Mr. Coates’ statement focused particularly on the use of projections in disclosures in connection with de-SPAC transactions. He noted that the conventional market wisdom on the benefit of SPAC transactions, as compared to traditional IPOs, focuses on the perceived ability of SPACs to rely on the safe harbor for forward-looking statements (such as projections) provided by the Private Securities Litigation Reform Act of 1995 (PSLRA) in connection with a de-SPAC transactions. In general, the PSLRA provides a safe harbor for forward-looking statements (including projections) made by issuers, when properly identified as a forward-looking statement and accompanied by meaningful cautionary statements identifying important factors that could cause actual results to differ materially from those in the forward-looking statement. The PSLRA explicitly excludes statements made “in connection with an initial public offering” from the safe harbor. In recent years, the use of projections has helped fuel the market for de-SPAC transactions, as startups and other growth companies that would not typically pursue a traditional IPO, have merged with SPACs and impressed investors with strong projections for future results.
Certain commentators, Mr. Coates observed, “suggest or assert that the safe harbor applies in the context of de-SPAC transactions but not in conventional IPOs.” Mr. Coates expressed his view that this perceived benefit is overstated and potentially misleading, in particular noting his views that:
Notwithstanding the safe harbor provided by the PSLRA, any material misstatement or omission made by a SPAC in a registration statement or proxy statement is subject to liability under existing federal securities laws, including Section 11 of the Securities Act of 1933 (the Securities Act).

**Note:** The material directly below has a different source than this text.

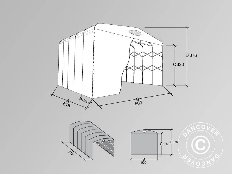 Innovatives und elegantes, italienisches XL-Lagerzelt für eine Vielzahl an Lageroptionen – insbesondere für große Fahrzeuge, andere große Objekte und aufgestapelte Waren. Das Lagerzelt Maxi Box von Dancover bietet vielfältige Möglichkeiten der Aufbewahrung – als Garage für Autos, Boote, Maschinen, Material, Fahrräder, Waren etc. Die flexible Faltstruktur verfügt über einen robusten, bogenförmigen Aluminiumrahmen, der eine flammfeste 550 g/m² PVC-Plane stützt. Die Schiebevorhänge – einer an jedem Ende – fungieren als Tür und ermöglichen einen leichten Zugang, wenn Sie Dinge einlagern oder beispielsweise mit einem Lastwagen aus dem Lager entnehmen müssen. Verzinkte Halterungen aus Stahl, die aus Sicherheitsgründen der Befestigung am Boden dienen, sind beigefügt.

The safe harbor does not protect against false or misleading statements made with actual knowledge that the statement was false or misleading.
Statements and disclosures made in connection with a de-SPAC transaction may give rise to liability under state law, including in the case of Delaware corporations, with respect to the duty of candor and fiduciary duties.

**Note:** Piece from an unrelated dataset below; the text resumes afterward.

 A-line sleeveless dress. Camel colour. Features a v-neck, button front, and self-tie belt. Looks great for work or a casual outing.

The PSLRA safe harbor applies only in the case of private litigation and does not prevent the SEC from taking action to enforce the federal securities laws.
In addition, while noting that the PSLRA does not apply to statements made in connection with an IPO, Mr. Coates observed that the term “initial public offering” is not defined in the PSLRA or, for these purposes, any relevant SEC rules. Accordingly, he stated, given that a de-SPAC transaction serves as the transaction in which a private operating company goes public, the phrase initial public offering “may include de-SPAC transactions.”

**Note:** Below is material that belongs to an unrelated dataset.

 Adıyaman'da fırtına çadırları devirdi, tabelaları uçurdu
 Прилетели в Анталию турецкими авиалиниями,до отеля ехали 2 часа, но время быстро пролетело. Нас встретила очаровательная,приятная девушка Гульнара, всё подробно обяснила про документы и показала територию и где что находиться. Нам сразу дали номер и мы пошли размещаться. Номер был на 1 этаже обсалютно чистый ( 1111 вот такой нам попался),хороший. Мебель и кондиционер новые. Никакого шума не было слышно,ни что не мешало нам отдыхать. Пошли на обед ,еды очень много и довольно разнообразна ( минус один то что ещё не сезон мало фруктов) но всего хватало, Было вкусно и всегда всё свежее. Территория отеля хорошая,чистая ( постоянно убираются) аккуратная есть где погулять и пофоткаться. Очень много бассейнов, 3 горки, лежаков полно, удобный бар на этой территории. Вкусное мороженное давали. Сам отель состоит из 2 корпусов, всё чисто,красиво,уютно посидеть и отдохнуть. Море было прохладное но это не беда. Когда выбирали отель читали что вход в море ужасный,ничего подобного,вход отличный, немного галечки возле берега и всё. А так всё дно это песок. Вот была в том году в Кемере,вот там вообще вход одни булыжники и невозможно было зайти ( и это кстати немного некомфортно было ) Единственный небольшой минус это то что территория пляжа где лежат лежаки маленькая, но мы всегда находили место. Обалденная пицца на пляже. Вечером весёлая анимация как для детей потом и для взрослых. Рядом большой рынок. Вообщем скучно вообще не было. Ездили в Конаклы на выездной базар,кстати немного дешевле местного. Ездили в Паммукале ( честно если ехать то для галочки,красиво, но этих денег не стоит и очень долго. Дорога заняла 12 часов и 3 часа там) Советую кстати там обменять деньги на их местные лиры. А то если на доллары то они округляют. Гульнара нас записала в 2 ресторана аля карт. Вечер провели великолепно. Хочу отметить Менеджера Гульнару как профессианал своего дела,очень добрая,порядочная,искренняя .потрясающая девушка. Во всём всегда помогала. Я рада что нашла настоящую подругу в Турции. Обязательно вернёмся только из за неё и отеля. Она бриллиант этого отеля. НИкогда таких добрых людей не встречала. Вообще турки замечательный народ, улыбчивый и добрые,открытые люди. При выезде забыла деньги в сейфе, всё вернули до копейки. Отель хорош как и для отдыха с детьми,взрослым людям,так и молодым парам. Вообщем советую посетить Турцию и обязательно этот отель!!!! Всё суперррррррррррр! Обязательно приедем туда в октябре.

Mr. Coates further raised the possibility that, in the future, the SEC could revisit the scope of the PSLRA safe harbor, through new rulemaking or guidance, particularly to better address the realities of a de-SPAC transaction and the extent to which it serves, from an economic and practical perspective, and from the perspective of investors, as the true go public transaction of a private company. He also noted that the SEC could reconsider the concept of “underwriter” in the context of de-SPAC transactions. In conclusion, Mr. Coates stated that, given the practicalities of SPAC transactions, the SEC may need to consider the de-SPAC transaction the “real IPO” and focus the application of the federal securities laws more fully on that aspect of a SPAC life cycle.
As noted in the statement, the statement represents the views of Mr. Coates. It is not a rule, regulation, or statement of the SEC. The extent to which the statement leads to any new rulemaking by the SEC or other change in policy is yet to be seen.